All the water in all the oceans

“Will they reach the nursery in time? If so, how delightful for them, and we shall all breathe a sigh of relief, but there will be no story. On the other hand, if they are not in time, I solemnly promise that it will all come right in the end.”

J.M. Barrie, Peter Pan

We’ve been reading Peter Pan at bedtime, and it’s terribly full of trouble. Even Blue gets a bit pale sometimes, and he loves pirates. I’m not sure that we’d get through if it weren’t for this promise. We hold on tight and remember.

After the story, we sing songs and tuck in. Four more minutes with the lights (an elastic four, to be sure.) Then more kisses and lights off, prayers with me and the Spouse puts on lullabies. Then , if it’s a good night, they stay in bed, and I get to do some reading for myself. I’ve been going through Eugene Peterson’s A Long Obedience in the Same Direction (which I recommend and may review here, if you are interested – have any of you worked through it?)  I came across this line.

“All the water in all the oceans cannot sink a ship unless it gets inside. Nor can all the trouble in the world harm us unless it gets within us.”

Promised assurance again. Echoes of the gospel. Literary life rafts.

This week’s lectionary offers something similar in story-form. Yesterday’s gospel reading and next week’s tell the same stories, though between Mark and John there is, of course, a little side step and translation going on. Still, in both we have the feeding of the 5000 and the story of Jesus walking over the sea. Miraculous moments full of wonder, and perhaps fear, too. It’s interesting to spend two weeks on these stories. There is a lot to think about here. Of course, they are great stories for Sunday school – so many craft ideas! And they have space aplenty for biblical commentators to wonder about the nature of miracles. Some commentators like to explain the story of the loaves and fish by saying that the prayers of Jesus inspired the crowds to take what little they had hidden away and to share it with their neighbours so that there was enough to go around. Others are resolute that Jesus miraculously created enough bread from the one small meal. But the how isn’t as crucial as the why. Why was there suddenly enough bread? Because the people were hungry and Jesus loved them and wanted them fed. Just like Jesus seeing the fear in his disciples on the sea, loved them and gave them the peace of his presence.
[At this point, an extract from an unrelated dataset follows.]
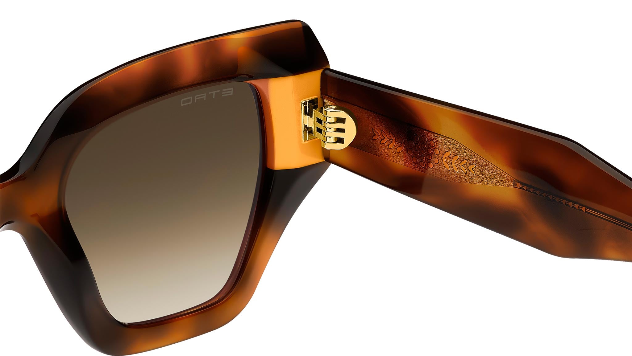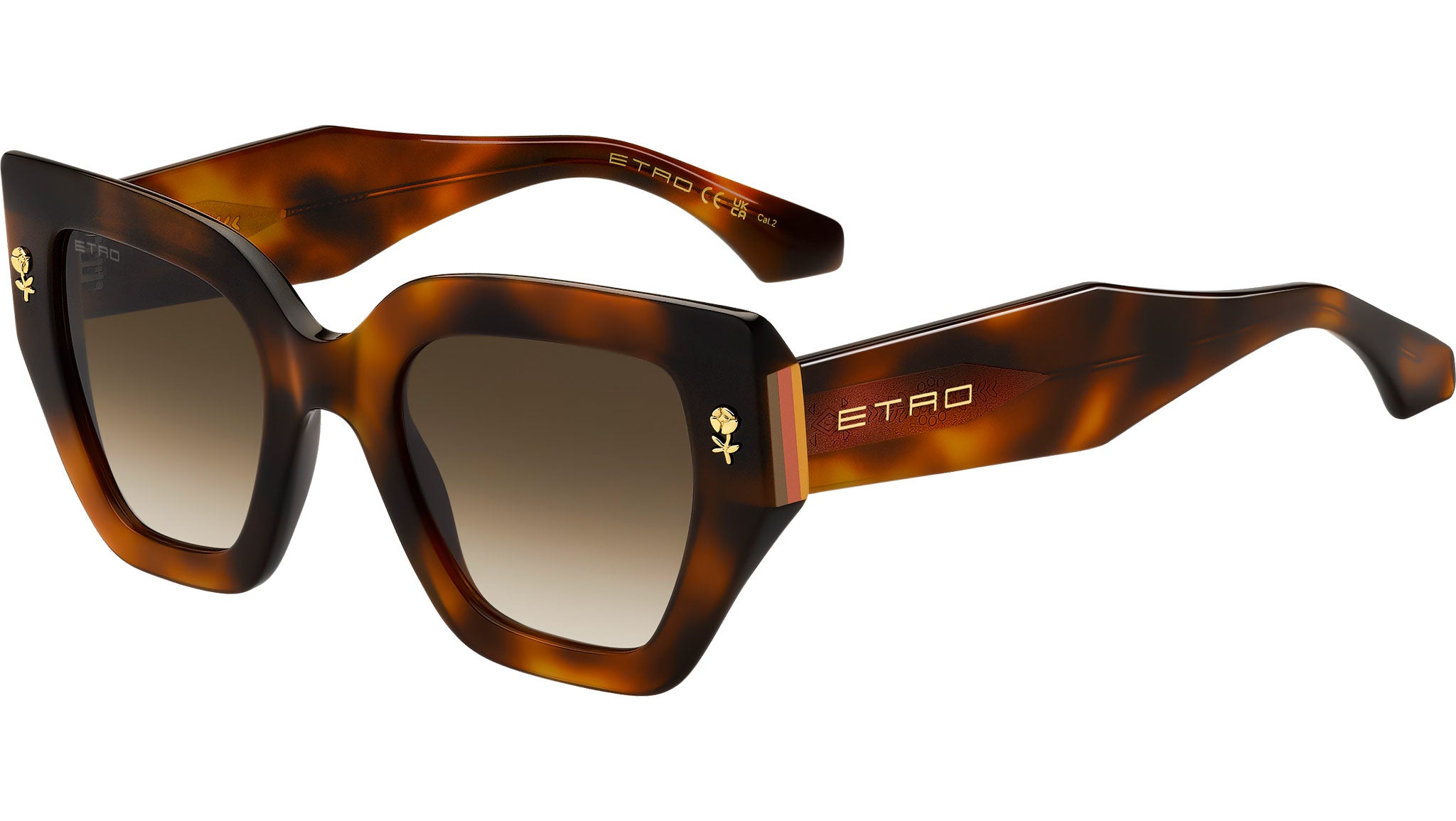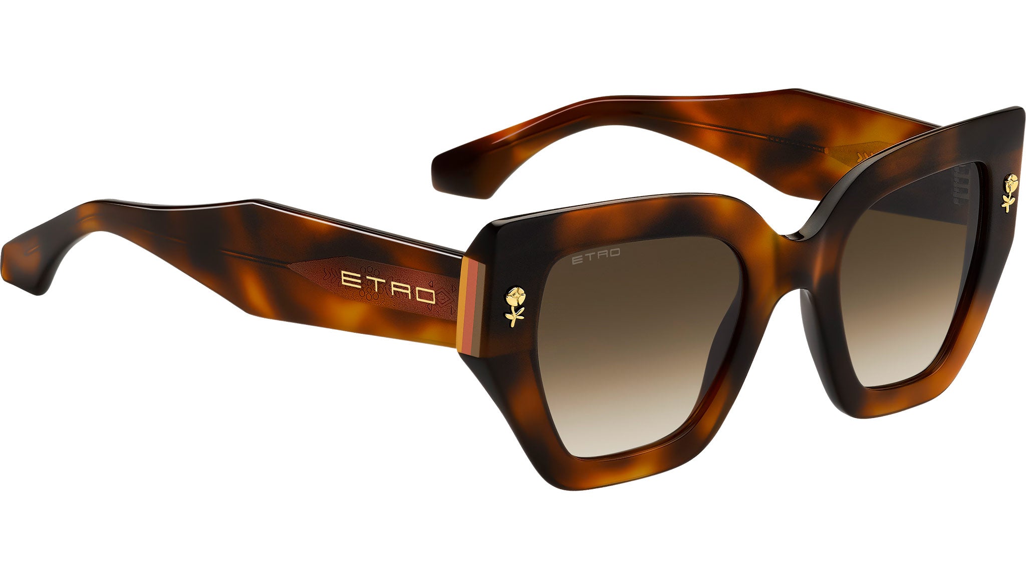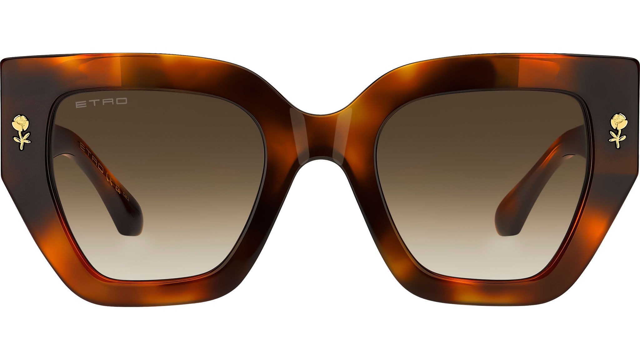 Occhiali da sole Etro 0010/S 05L HA donna con montatura squadrata in acetato avana e lenti in CR-39 marrone sfumato. Un omaggio ai motivi a righe e pattern floreali che contraddistinguono il codici stilistici di ETRO, la collezione eyewear "Colour Stripes" traduce i ricami e le stampe iconiche della Maison in occhiali da vista dall'estetica eclettica e innovativa. La montatura in acetato dai volumi audaci, rifinita con profili smussati, è arricchita da una preziosa decorazione in metallo a forma di fiore e da un inserto a righe multicolore sui lati. L’anima in metallo visibile attraverso le aste trasparenti aggiunge un tocco grafico. Il design dei terminali in acetato richiama la simmetria del logo ETRO. Linea: Etromania. Codice modello: 206848. Codice colore: 05L HA. Rivenditore autorizzato Etro online. Gli occhiali vengono consegnati con custodia e accessori originali e sono coperti dalla garanzia ufficiale di 12 mesi del produttore.
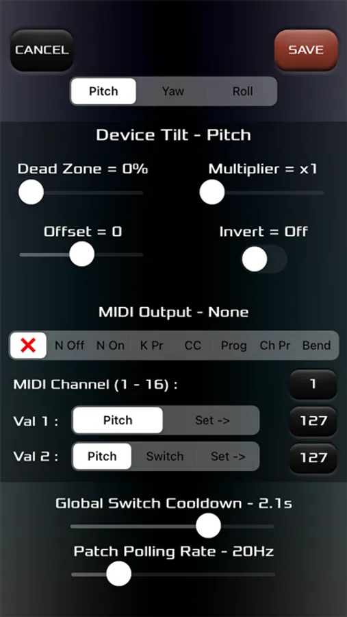 * Choose any or all axes of tilt, touch, and acceleration to control any MIDI parameters… it’s like having 8 expression pedals at once… and 8 feet to use them too!

These stories are life rafts. These are stories of providence. Scripture is shot through with images and promises of God’s providing, abiding love, promising to feed us with abundance, to be with us in the storm. God will provide.

What is it that God provides? Is it protection? I read in the paper that one of the survivors in Aurora last week told her mother “Mom, God saved me. God still loves me.” Which is heart-breaking and honest. I can understand wanting to believe that kind of framework for reality. That God looks after the faithful and nothing bad will happen to the beloved of God. But the logical extension has no gospel in it. That those who die are abandoned by God.

That’s not the promise, is it?

No, God promises abiding love. Continuing presence. God will provide. God keeps the water out. And when it pours in, God’s bailing, too. That’s gospel. That harm itself will be (and has been) confronted by God and that we will be secure in God’s love which stretches further than we can begin to imagine.

And stories help.

This week, I see Christ walking on water to meet the disciples in the moment of their chaos in the wind and the dark. I see Christ meeting me in the mess of my day, in the midst of the worries and the wondering and the scolding kids and the noise and the things left undone.  I see Christ with me as I worry, speaking peace. And I see Christ feeding the people, showing them that the resources are there with them, just as He is there with them. I see Christ blessing the world in surprising ways, feeding us all. These are good stories to hold onto.

Maybe that’s why we tell these stories with kids – as a way of equipping them with faithful imagination. And maybe to remind ourselves yet again that our source of peace in ineffably external and intimately internal. God will provide. God is near.